## Your objective:
Every entry needs to be written out again exactly.

## Material for this task:
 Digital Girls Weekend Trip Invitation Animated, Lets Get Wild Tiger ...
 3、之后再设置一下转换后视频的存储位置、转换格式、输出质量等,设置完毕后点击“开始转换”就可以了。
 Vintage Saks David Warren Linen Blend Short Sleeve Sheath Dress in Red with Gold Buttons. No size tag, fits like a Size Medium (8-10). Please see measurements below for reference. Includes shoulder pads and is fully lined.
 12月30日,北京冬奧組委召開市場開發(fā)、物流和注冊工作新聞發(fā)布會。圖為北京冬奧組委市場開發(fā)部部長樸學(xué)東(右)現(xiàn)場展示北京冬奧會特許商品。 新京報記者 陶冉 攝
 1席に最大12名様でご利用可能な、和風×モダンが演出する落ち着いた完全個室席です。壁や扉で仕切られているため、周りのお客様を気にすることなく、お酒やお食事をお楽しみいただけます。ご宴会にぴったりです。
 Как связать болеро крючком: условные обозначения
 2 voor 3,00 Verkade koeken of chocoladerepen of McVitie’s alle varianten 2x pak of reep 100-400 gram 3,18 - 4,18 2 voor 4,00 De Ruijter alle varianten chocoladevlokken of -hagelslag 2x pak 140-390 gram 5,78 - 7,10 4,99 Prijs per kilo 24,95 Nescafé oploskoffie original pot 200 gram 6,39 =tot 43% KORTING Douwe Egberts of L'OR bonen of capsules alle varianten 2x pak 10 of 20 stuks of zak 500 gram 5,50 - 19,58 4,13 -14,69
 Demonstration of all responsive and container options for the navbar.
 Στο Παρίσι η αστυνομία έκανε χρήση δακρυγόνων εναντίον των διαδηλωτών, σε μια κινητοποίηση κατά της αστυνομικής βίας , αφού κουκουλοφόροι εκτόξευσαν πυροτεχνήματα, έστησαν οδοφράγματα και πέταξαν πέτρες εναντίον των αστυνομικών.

## Result:
 Digital Girls Weekend Trip Invitation Animated, Lets Get Wild Tiger ...
 3、之后再设置一下转换后视频的存储位置、转换格式、输出质量等,设置完毕后点击“开始转换”就可以了。
 Vintage Saks David Warren Linen Blend Short Sleeve Sheath Dress in Red with Gold Buttons. No size tag, fits like a Size Medium (8-10). Please see measurements below for reference. Includes shoulder pads and is fully lined.
 12月30日,北京冬奧組委召開市場開發(fā)、物流和注冊工作新聞發(fā)布會。圖為北京冬奧組委市場開發(fā)部部長樸學(xué)東(右)現(xiàn)場展示北京冬奧會特許商品。 新京報記者 陶冉 攝
 1席に最大12名様でご利用可能な、和風×モダンが演出する落ち着いた完全個室席です。壁や扉で仕切られているため、周りのお客様を気にすることなく、お酒やお食事をお楽しみいただけます。ご宴会にぴったりです。
 Как связать болеро крючком: условные обозначения
 2 voor 3,00 Verkade koeken of chocoladerepen of McVitie’s alle varianten 2x pak of reep 100-400 gram 3,18 - 4,18 2 voor 4,00 De Ruijter alle varianten chocoladevlokken of -hagelslag 2x pak 140-390 gram 5,78 - 7,10 4,99 Prijs per kilo 24,95 Nescafé oploskoffie original pot 200 gram 6,39 =tot 43% KORTING Douwe Egberts of L'OR bonen of capsules alle varianten 2x pak 10 of 20 stuks of zak 500 gram 5,50 - 19,58 4,13 -14,69
 Demonstration of all responsive and container options for the navbar.
 Στο Παρίσι η αστυνομία έκανε χρήση δακρυγόνων εναντίον των διαδηλωτών, σε μια κινητοποίηση κατά της αστυνομικής βίας , αφού κουκουλοφόροι εκτόξευσαν πυροτεχνήματα, έστησαν οδοφράγματα και πέταξαν πέτρες εναντίον των αστυνομικών.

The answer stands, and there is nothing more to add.